Even if one accepts these reasons for delaying introduction of the intervention to some groups, I can’t help but be concerned about the effects that that delay might have on the nature of the participants by the time they are introduced to the intervention. In a medical trial it is not unreasonable to assume that the nature of whatever condition is being treated in the trial might change over time. For example participants might naturally get better, they might die, their medical condition might change so that none of the interventions being compared will be, even theoretically, appropriate. If this happens then any bias reduction made possible by random allocation is compromised and the comparison groups become systematically different.

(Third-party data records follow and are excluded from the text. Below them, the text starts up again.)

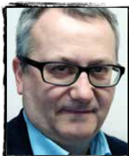
Van de redactie door Bert Cornelis
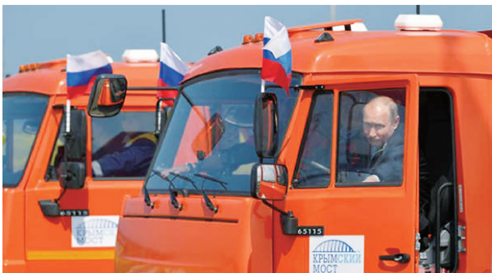
5月,连接克里米亚和克拉斯诺达尔的跨刻赤海峡大桥举行部分通车仪式,普京驾车验收。

当然,美国对于土耳其的种种做法自然不会善罢甘休。就在7月24日,美国众议院通过“2019财年国防授权法案”,其中包括暂停向土耳其交付F-35战机。对于特朗普所称的对土耳其的制裁,有专家推测称,美国政府将对土耳其高级官员进行签证限制,但目前并未得到相关部门证实。未来美土关系走向何处,引人深思。
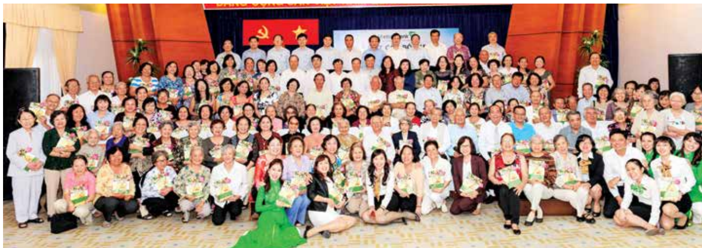
Họp mặt cán bộ hưu trí nhân ngày Quốc tế Người cao tuổi
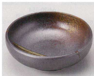
63-14-354 南蛮吹流し5.5ボール 1,030円 17×5.6cm 02920351
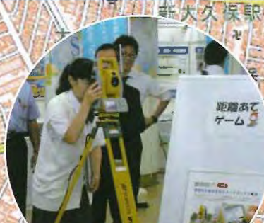
距離当てゲーム(景品付)もあるよ 東京都測量設計業協会
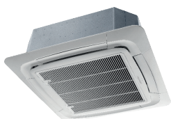
AB 036 DB
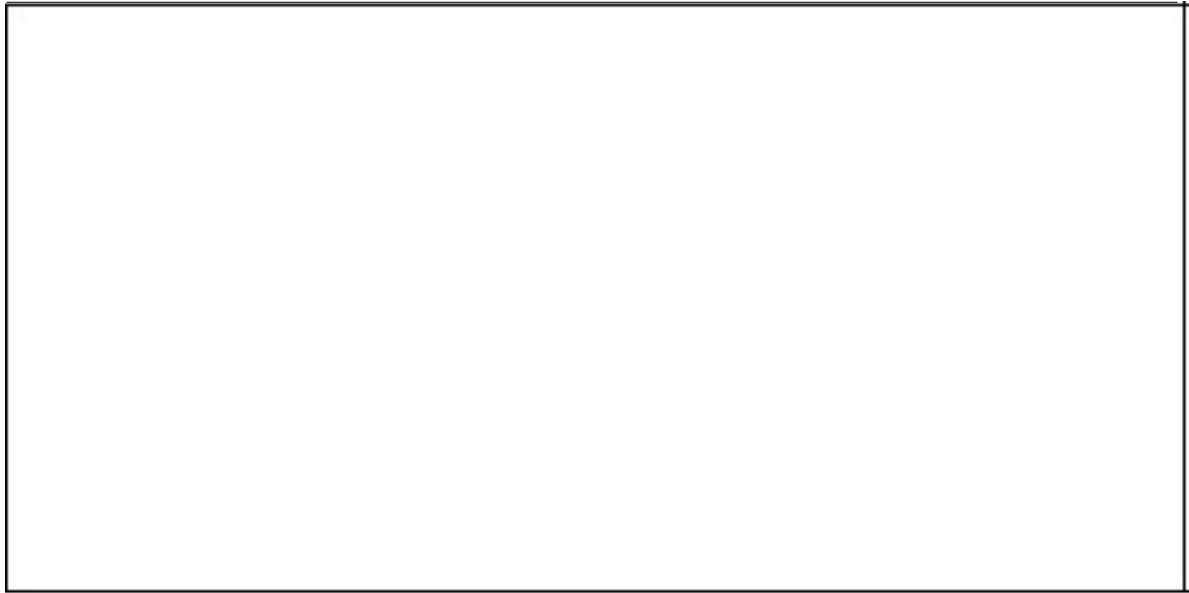
Figura 1. Título de la figura, tipografía Gill Sans negrita, 10 pts., con interlineado de 12 pts. Referencia: tipografía Gill Sans a 10 pts., con interlineado de 12 pts.; precisar si fue tomada o adaptada de alguna fuente y colocar la referencia: Tomada de: "Título de la referencia" por Autor (es). Año, Título . Página.
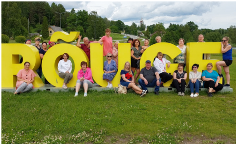
Поездка учителей Кундаской школы.
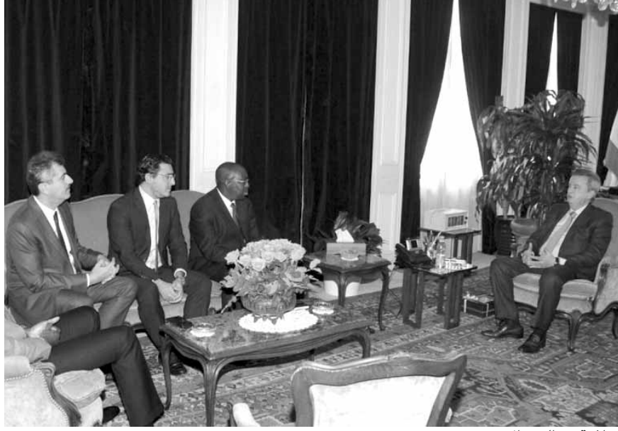
سلامة مع الوفد الافريقي

من جهته قال سيزا: «لقد تشرفنا بزيارة عدد من المسؤولين اللبنانيين في العاصمة اللبنانية بيروت، وفي مقدمهم وزير الاقتصاد والتجارة رائد خوري، وحاكم مصرف لبنان رياض سلامة، وتجمع رجال وسيدات الأعمال اللبنانيين في العالم برئاسة الدكتور فؤاد زمحل، اضافة إلى عدد من رؤساء مجالس إدارة مصارف لبنانية، وبحفنا معهم في التعاون وتبادل الخبرات، ولا سيما ان لبنان يعتبر بلداً فريداً في مجاله، إضافة إلى عدد من المصرفيين اللبنانيين يحمل تاريخاً كبيراً من الخبرات وتجاوز التحديات». وشدد سيزا على «أهمية التعاون وتبادل الخبرات»، مبيداً ترحيبه بـ«التسهيلات التي تلقيناها من حاكم مصرف لبنان المركزي الذي أبدى حرصه على التعاون والتأزر ومتابعة الاتصالات بين الجانبين في هذا الشأن».
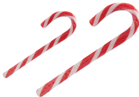
5793 – MANICO OMBRELLO B/ROSSO 397 – MANICO OMBRELLO B/ROSSO
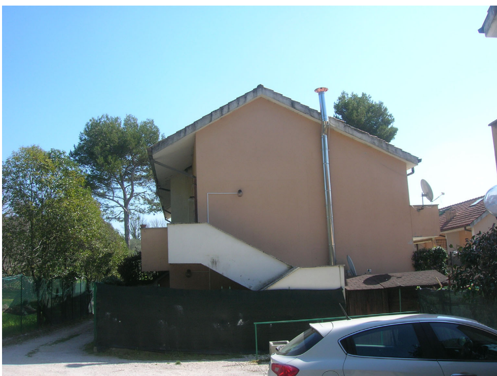
Vedute esterne del fabbricato
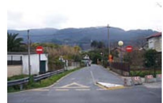
Ibarratorre gaur egun Ibarratorre en la actualidad

El proyecto de las obras está terminado. Como el proyecto pre-vé ampliar el vial, el Ayuntamiento está ultimando los acuerdos para conseguir el suelo necesario para ello. Con una de las per-sonas propietarias ya se ha llegado a un acuerdo y con la otra parte se iniciará un expediente de expropiación. Mientras tan-to el proyecto que define las obras que se harán se ha enviado a URA para que dé su visto bueno y poder empezar.
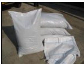
土嚢袋セット 600~700g/日用
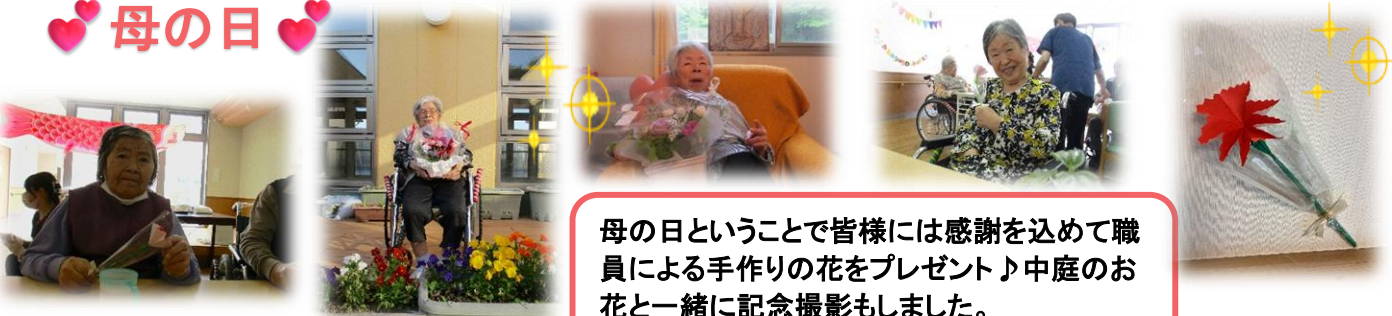
母の日ということで皆様には感謝を込めて職 員による手作りの花をプレゼント♪中庭のお 花と一緒に記念撮影もしました。
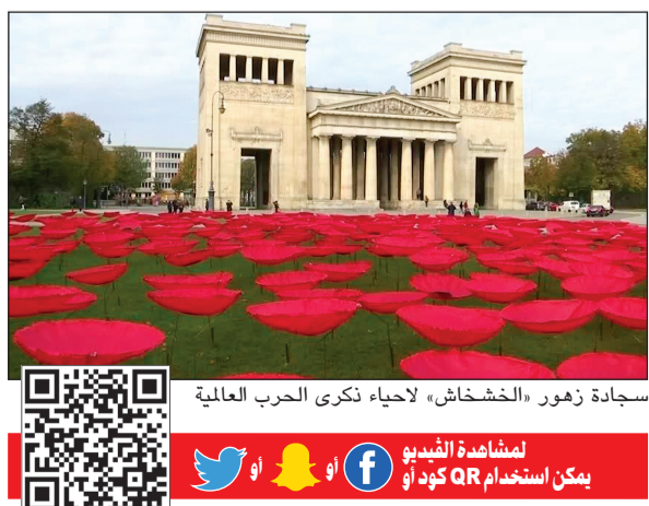
سجادة زهور «الخشخاش» لآحياء ذكرى الحرب العالمية الأولى

In social sciences there may be what one panelist at the symposium described as carry-over effects. That is to say, experiences that participants have early in the life span of the trial carry over to later periods of the trial and may, therefore, introduce systematic bias into the trial.
To illustrate this in an education setting, consider the following (admittedly rather crude) example. If I want to compare the effects on students’ critical thinking of teaching evolution, in a school for whom business as usual is to teach creationism, I could do a stepped wedge trial. Assuming that participants are all new to the school at the start of the trial, the cluster in the first phase of the trial gets little or no creationism education and are compared to children who have had commensurately little creationism education. As time passes, the business as usual clusters experience increasing amounts of creationism education so that by the time the final cluster is introduced to the evolution education they are well and truly convinced by the doctrine of creationism and dismiss evolution as contradictory and therefore wrong. They are now systematically different to the comparison groups at the start of the trial.
It was an interesting symposium and it is always informative to hear about different methodological approaches to finding out what works. Based on this brief introduction to stepped wedge trials, though, I remain pretty unconvinced. I can’t help but see them as a capitulation to ethics committees, who, in my opinion, behave unethically when they insist that all participants in a trial must receive an intervention over which there is uncertainty. Stepped wedge trials also introduce a not inconsiderable risk of bias, into what should be an unbiased form of comparison. My position may not be unique, as the final comment in the panel discussion that ended the symposium illustrates (regrettably, I can’t remember who said it). It was something like “when you can’t do any other kind of randomised trial then maybe you should consider doing a stepped wedge trial.”